Tal vez la mejor respuesta sea afrontar el hecho, por muy doloroso que sea. Frente a la amenaza de la muerte –aunque sea ajena y no nos afecte directamente–, hay que anticiparse al duelo porque esto va a ser duro, para quienes han perdido a unos seres queridos y no han podido despedirse de ellos, pero también para los que hemos asistido a este recuento estadístico de los muertos. Eso genera un estado de soledad, no solo individual, sino universal y profundamente social. Somos seres vulnerables, como individuos y género humano. Esto es la anticipación de la muerte a la que tenemos que enfrentarnos.

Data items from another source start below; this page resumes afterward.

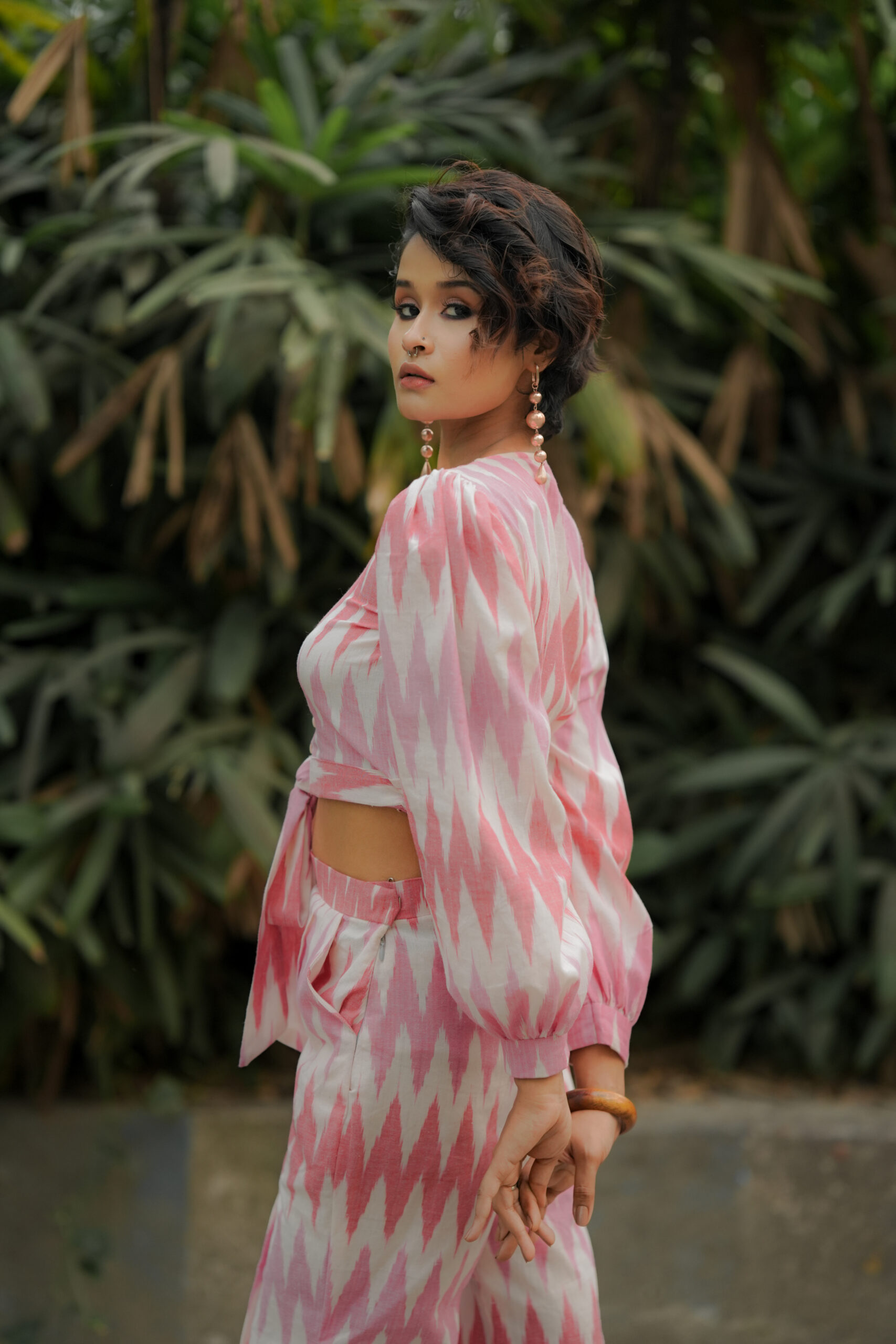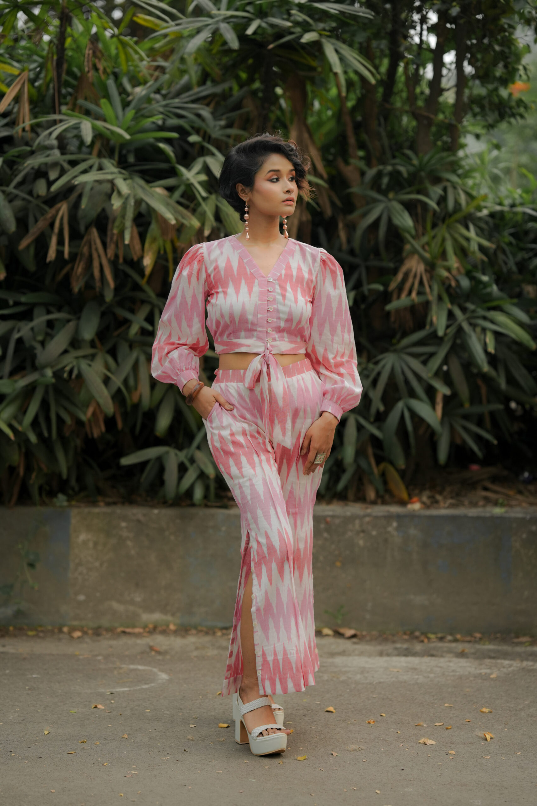 Step into contemporary chic with Kotha’s Crop Top Coord Set, a stylish ensemble designed for effortless sophistication. Featuring a front-knot crop top paired with sleek bottoms, this set is crafted from premium Ikat Handloom 3D fabric, blending heritage craftsmanship with modern design.
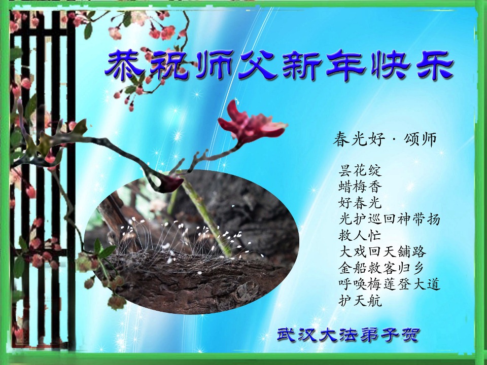 春光好•颂师 昙花绽 腊梅香 好春光 光护巡回神带扬 救人忙 大戏回天铺路 金船救客归乡 呼唤梅莲登大道 护天航 武汉大法弟子敬上 武汉市汉阳区全体大法向尊敬的师父拜年!
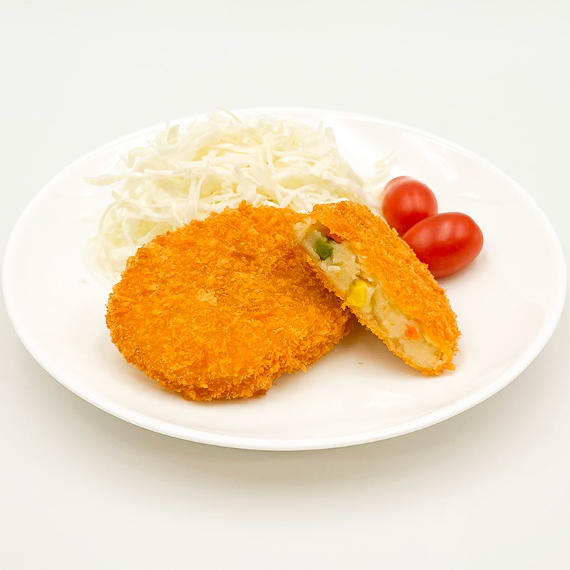 にんじん・たまねぎ・とうもろこし・グリンピース入りの、ほんのり甘口に仕上げた野菜コロッケです。国産じゃがいもを使用しております。
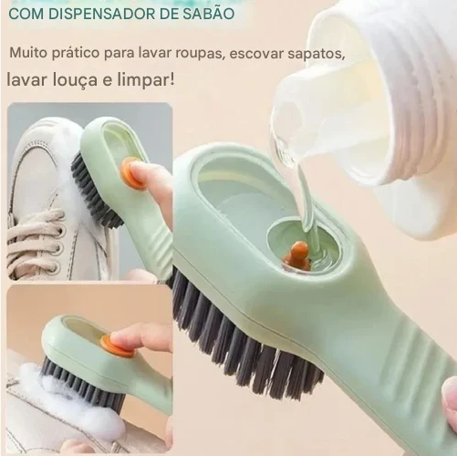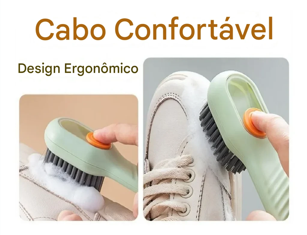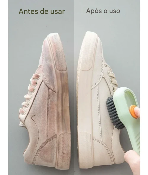 👟 ESCOVA MULTIUSO COM DISPENSER – Limpeza Inteligente para Seus Tênis e Objetos!
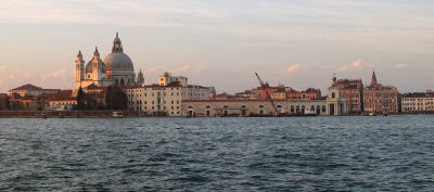 This Nov. 9, 2013, photo shows the Basilica di Santa Maria della Salute at sunset as seen from the water to the south. The church, built after plague broke out in the 17th century, is a fixture of the city's skyline.
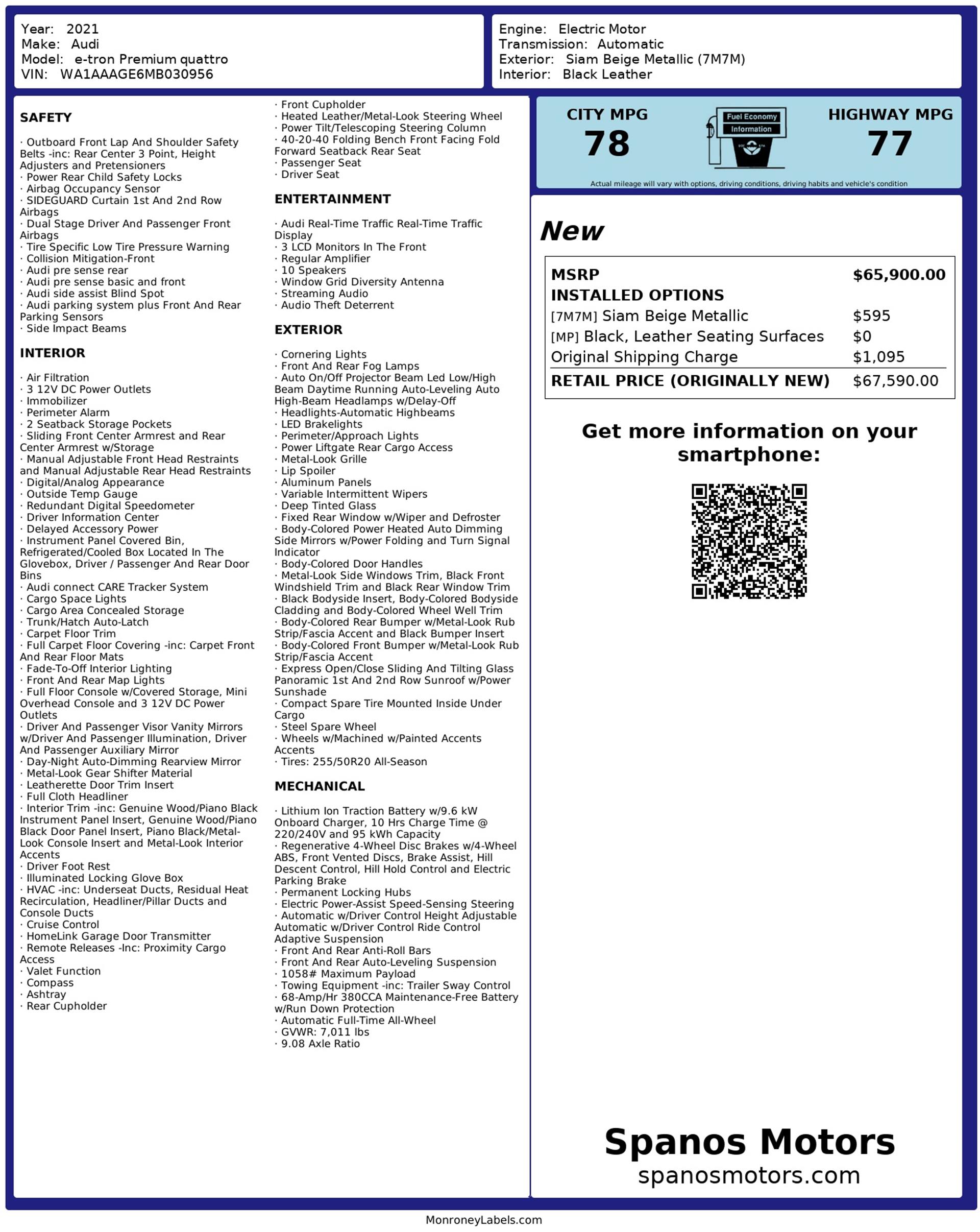 The 2021 Audi e-tron Premium quattro blends quiet electric power with classic Audi refinement. Finished in elegant Siam Beige Metallic, it stands out with a warm, upscale presence that feels both modern and timeless. The smooth, sculpted lines pair perfectly with Audi’s signature LED lighting, giving the e-tron a confident and sophisticated stance on the road.
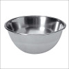 Cul de poule, ou bassine à pâtisserie demi-ronde, en acier inoxydable et fond arrondi avec une petite base plate afin de maintenir le cul de poule à droit sur une surface plane.
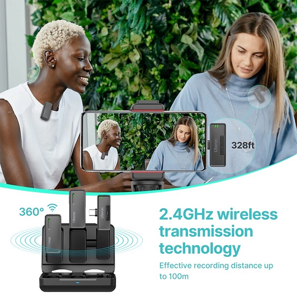 ULANZI UW-MIC 2.4GHz Wireless Microphone Dual Lavalier Mic for Smartphone
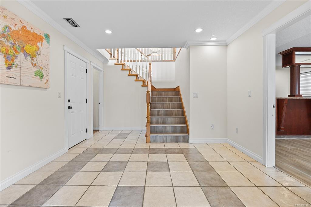 Located in notable community of North Nanaimo, this custom-built home sits on flat, private lot within walking distance to beaches, shopping mall, parks, schools. Offering over 3,300 sq ft living space, it features 6 bedrooms & 4 bathrooms, including a legal one-bedroom suite w/ separate entrance, ideal for extended family/rental income. Main level welcomes you with a gracious foyer, 9 ft ceilings, hardwood flooring, crown molding, skylights, large windows providing abundant natural light. Kitchen is well d...
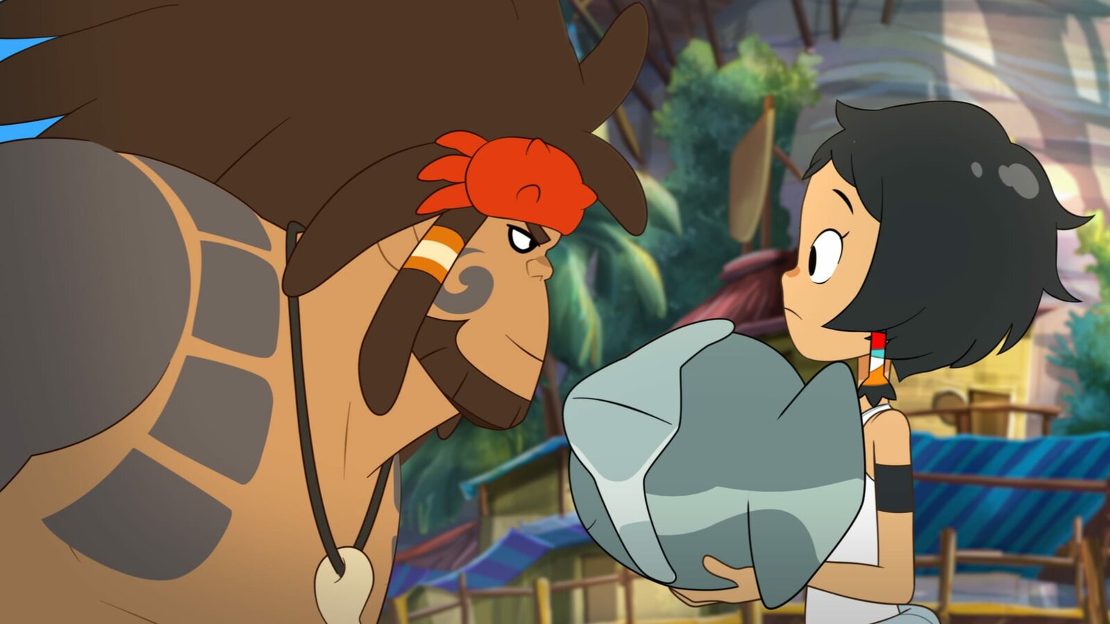 Der Strandputzer-CupMouse' Vater Big Chief Moe (r.) macht Corto ein Geschenk aus der Heimat.Bild: © WDR/2021 Cyber Group Studios
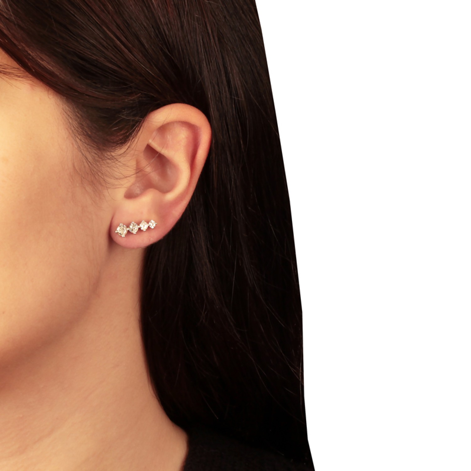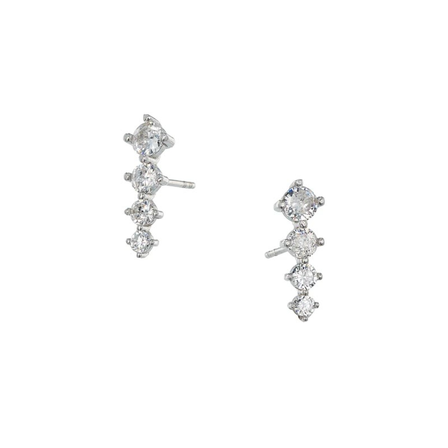 Γυναικεία ασημένια 925 επιπλατινωμένα τρυπητά καρφωτά σκουλαρίκια Σειρέ τέσσερα Μονόπετρα. Το περίτεχνο σχέδιο σχηματίζετε με άνισα brilliant κοπής λευκά ζιργκόν. Ενα εκτυφλωτικό ζευγάρι που κερδίζει τις εντυπώσεις με την πρώτη ματιά. Το κομψό μέγεθος είναι ιδανικό ακόμα και για δεύτερη τρύπα και ear candy συνδυασμούς.
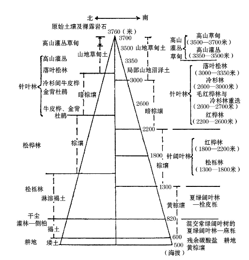 ◎秦岭南北坡垂直带谱(据《中国土壤》,科学出版社,1978年)
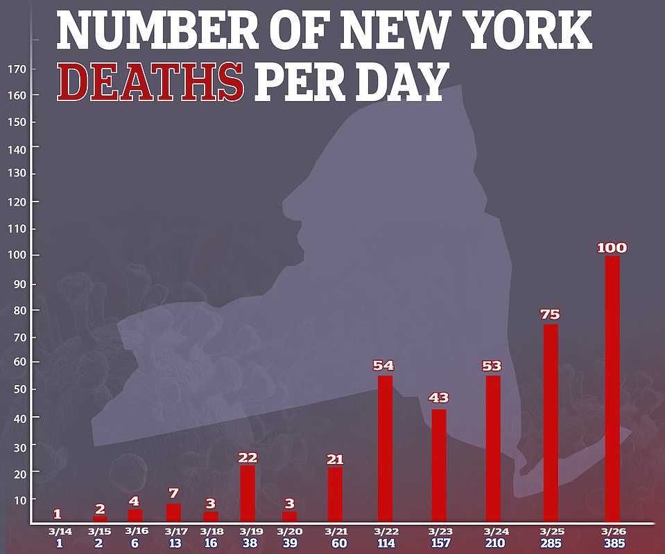 Nju Jorku të enjten regjistroi 100 vdekje nga koronavirusi në vetëm 24 orë, duke e çuar numrin e të vdekurve në këtë shtet në 385, ndërsa në të gjithë Amerikën në 1205 viktima.
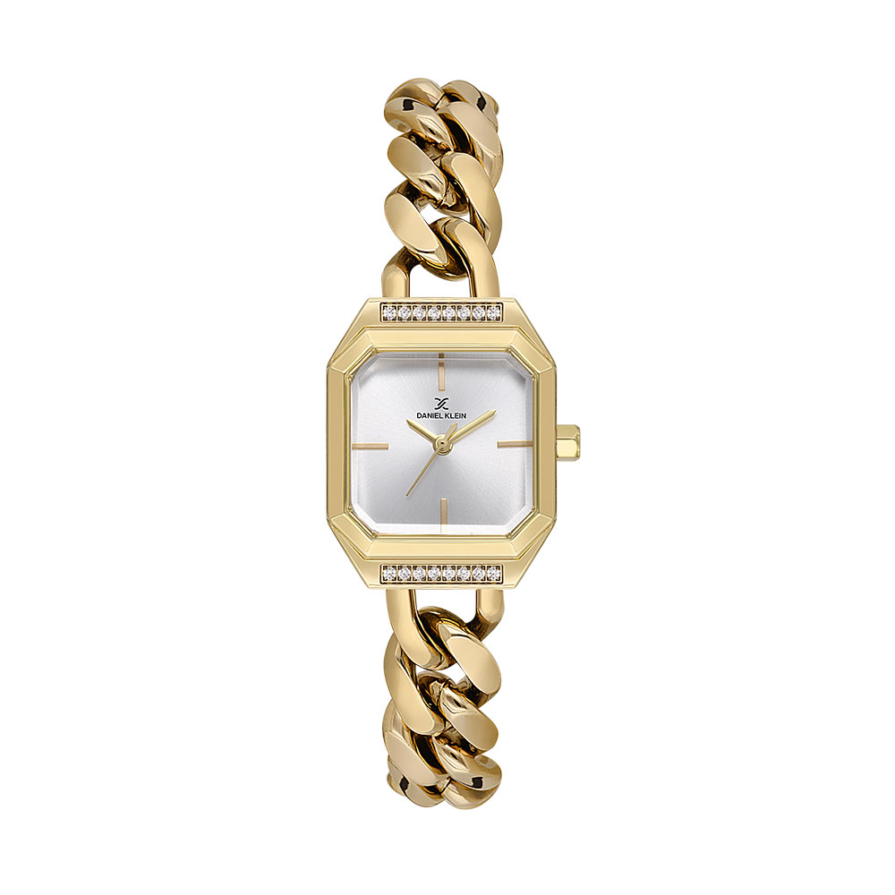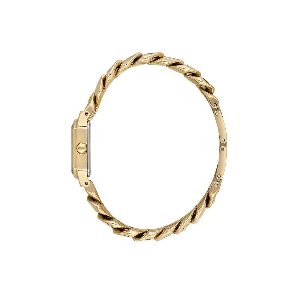 Bratara ceasului, realizata din otel inoxidabil cu culoare auriu, se remarca printr-un design inovativ de tip bijuterie, ce se potriveste perfect la orice tinuta, fie ea casual sau de ocazie. Rezistenta la apa de 3 atm il face ideal pentru uz zilnic, protejandu-l impotriva stropilor de apa.
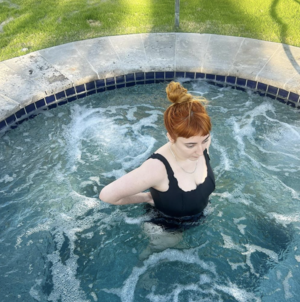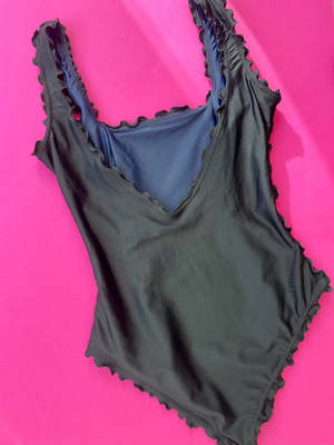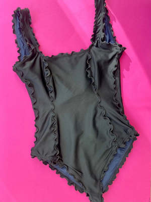 A square neckline full corset one-piece bathing suit, with lettuce edge finishings. V back. Medium bum coverage. Square neck line is flatter for all bust sizes. Doubles as a bodysuit! 4-way stretch fabric 80% nylon 20% spandex Sustainably made in NY Please note: each item is handmade and will vary in color variation and placement of patches. These are made with zero-waste patternmaking methods, utilizing all leftover fabrics within her studio therefore making each piece one-of-a-kind.

Felizmente nos salvaremos la mayoría, pero nada será como antes. La pandemia va a pasar factura. De hecho lo está haciendo en algunas parejas, familias, relaciones, en las reacciones defensivas de algunos vecinos ante la vuelta a casa del personal sanitario. Pero el día después –es decir los meses después porque no habrá día preciso para empezar el trabajo de duelo–, tendremos que estar ahí más fuertes que nunca. Sí, organizaremos grandes celebraciones de reencuentro, haremos alarde de sociabilidad, acopio de regocijo, pero ojalá esto nos enseñe –y les enseñe a los políticos– a replantear muchas cosas, a pensar en un mundo mejor, no solo para rectificar los desastres del parón económico, sino para reforzar los vínculos, darle más precio a la relación con el otro y reactivar el sentido de la solidaridad que tanto se ha manifestado durante estos meses. Es la lección que tenemos que sacar de esta dura experiencia, la fuerza que hay que rescatar del ejemplo de civilidad y coraje de muchos. Resiliencia, llama el neuropsiquiatra Boris Cyrulnik a este sacar entereza de la adversidad, convertir el duelo en fuerza vital y la experiencia del dolor en capacidad de amor.
Gérard Imbert es catedrático de Comunicación audiovisual de la Universidad Carlos III de Madrid, escritor y ensayista. Sus últimas publicaciones son El zoo visual: de la televisión espectacular a la televisión especular (2003, Gedisa), El transformismo televisivo (2008, Cátedra), Cine e imaginarios sociales (2010, Cátedra) y Crisis de valores en el cine posmoderno (2019, Cátedra).
1 Sobre el tema del contagio, véanse El incidente (2007) de M. Night Shyamalan con su imaginario apocalíptico-ecológico, Contagio (2011) de Steven Soderbergh, la aparatosa Guerra mundial Z (2013) de Marc Forster y una interesante producción española, Los últimos días (2013), de Álex Pastor y David Pastor, una metáfora sobre la desocialización en el mundo de hoy, ambientada en Barcelona.